A summary of the penalties on drink driving offence in overseas countries is at Annex C.

Issue 8

Whether a more scientific mechanism should be devised to differentiate levels of penalties and demerit points for drivers found to have consumed different volume of alcohol i.e. with different BAC level?

At present, the maximum penalty for drink driving are as follows -

  1. On conviction on indictment, a maximum fine of HK$25,000 and imprisonment for 3 years.

  2. On summary conviction on a first offence, a maximum fine of HK$10,000 and imprisonment for 6 months; and on a second or subsequent conviction within five years, a maximum fine of HK$10,000 and imprisonment for 12 months.

  3. Convicted driver will incur 10 driving-offence points for each offence.

  4. Drivers who commit second or subsequent offence within five years may be disqualified from driving for a period of not less than 2 years.

The present 10 demerit point for person convicted of drink driving for the first time is considered to be of suitable deterrence.

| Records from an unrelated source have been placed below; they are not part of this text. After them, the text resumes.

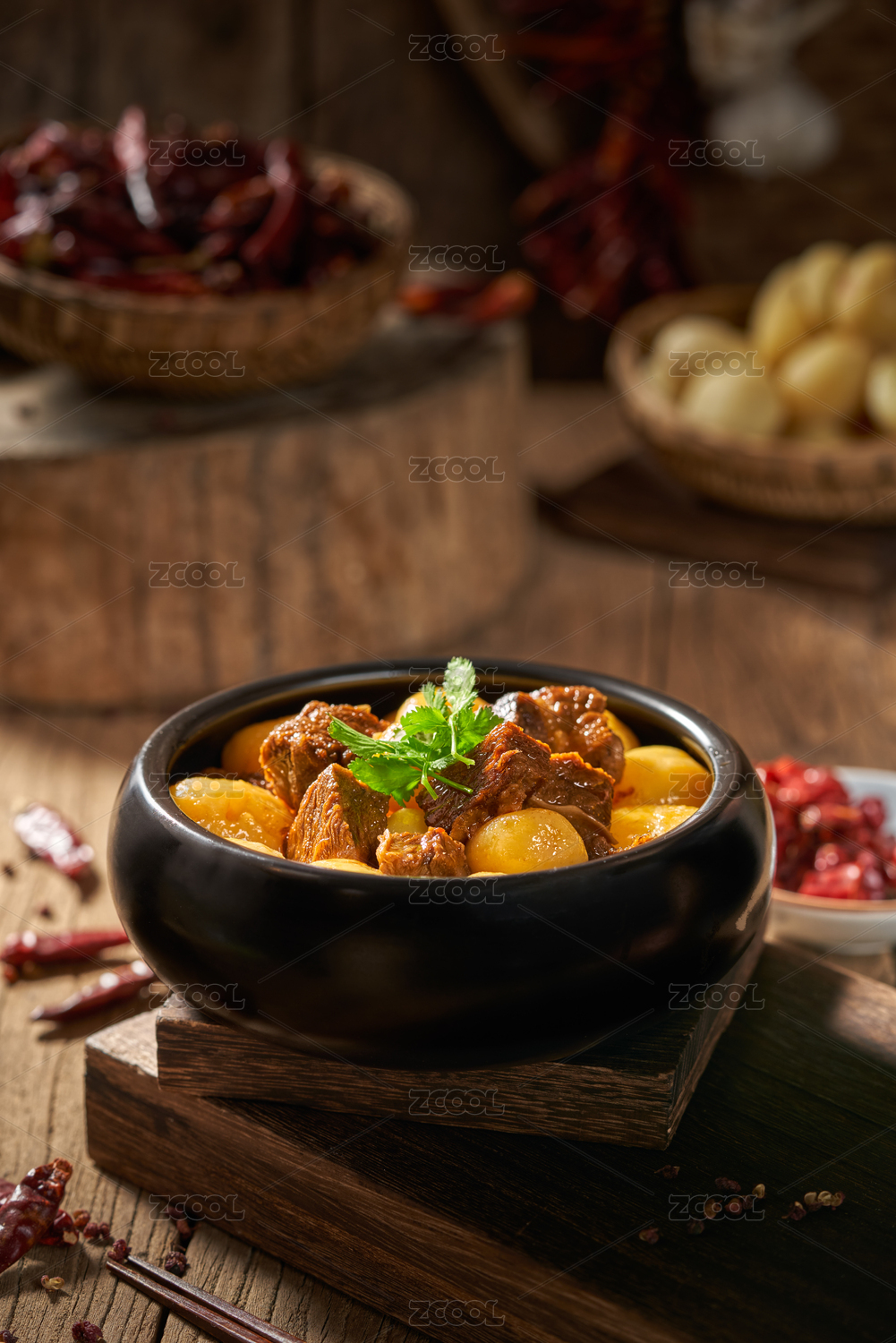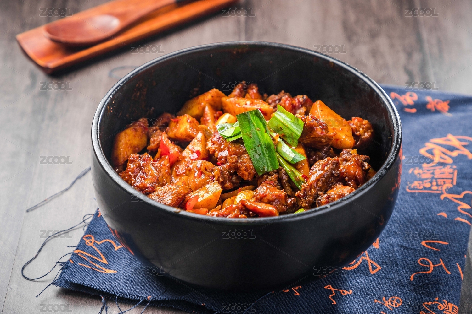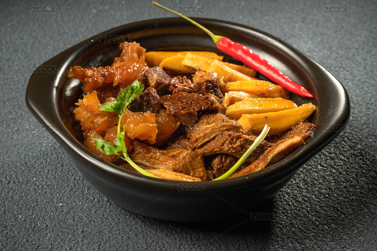 棕色桌面上有一盆土豆山藥燉排骨砂鍋菜
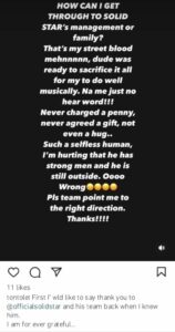 “First I’ wld like to say thank you to @officialsolidstar and his team back when I knew him. I am for ever grateful.
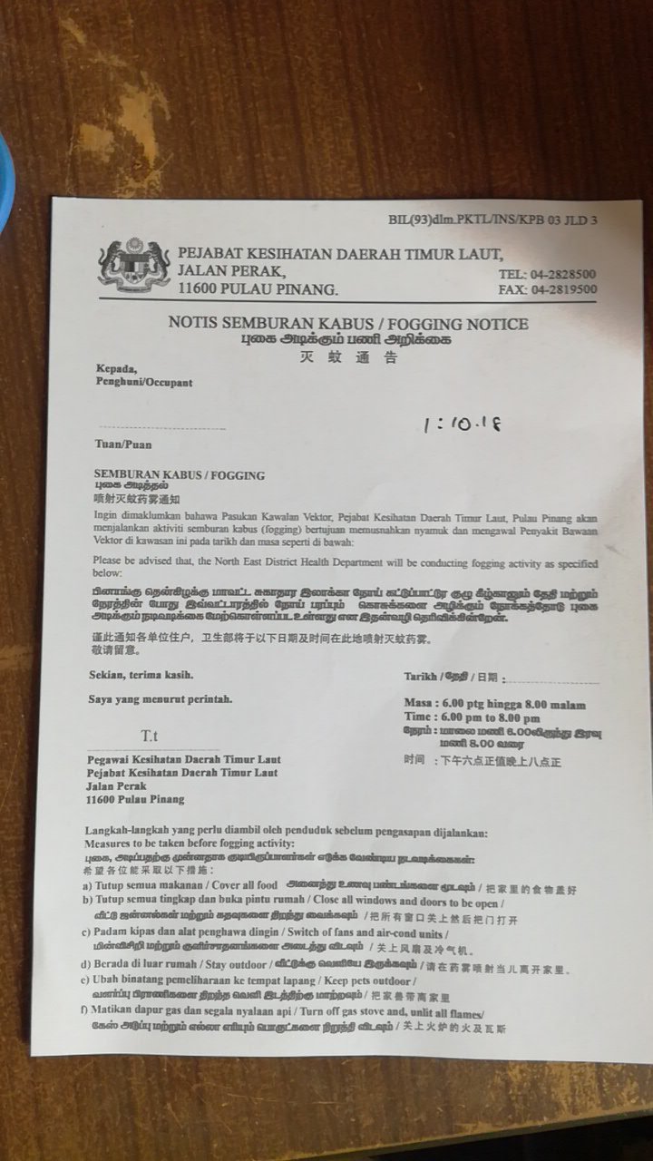 Naz A Twitter Dapat Notis Ada Sembur Nyamuk Di Pulau Pinang Hebat Gila 4 Bahasa Terus Dalam Satu Surat Cuma Adakah Surat Macam Ni Dianggap Normal Dari Dulu Lagi Atau Sejak
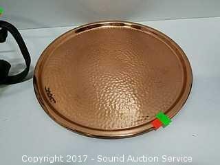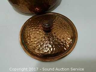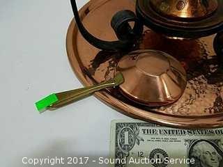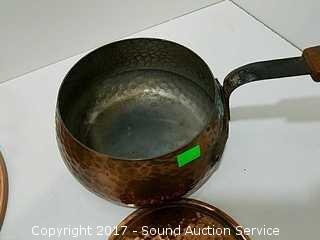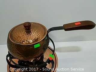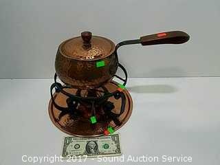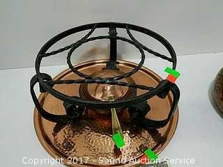 Lot #0105: Hand Hammered Pot, Tray w/Cast Iron Chafing Dish

In effect, the law will lead to the suspension of the licence for a minimum period of two years if a person is convicted twice of drink driving in a period of five years.

The existing penalties already allow the court to hand down a wide range of fines and jail terms taking into account the gravity of the offences. Specifying different levels of penalties for different BAC level in excess of the legal limit will limit the judge's discretion in handing down an appropriate level of sentence.

We do not support differential levels of penalties which vary with BAC levels as this may give the public the impression that BAC levels beyond the proposed legal limit have varying degree of acceptability. This approach may weaken the deterrent effect of the legal limit itself.

Issue 9

What are the reasons for some states in the United States of American to adopt a higher BAC limit despite the findings of the US National Institute - Alcohol, Abuse and Alcoholism?

In the US, 14 states have BAC limit at 80mg. There are no prescribed limit for 2 states. We do not have further information on why there are varying standards in different states. We believe each state takes her own decisions having regard to their own community needs and attitude towards drink driving.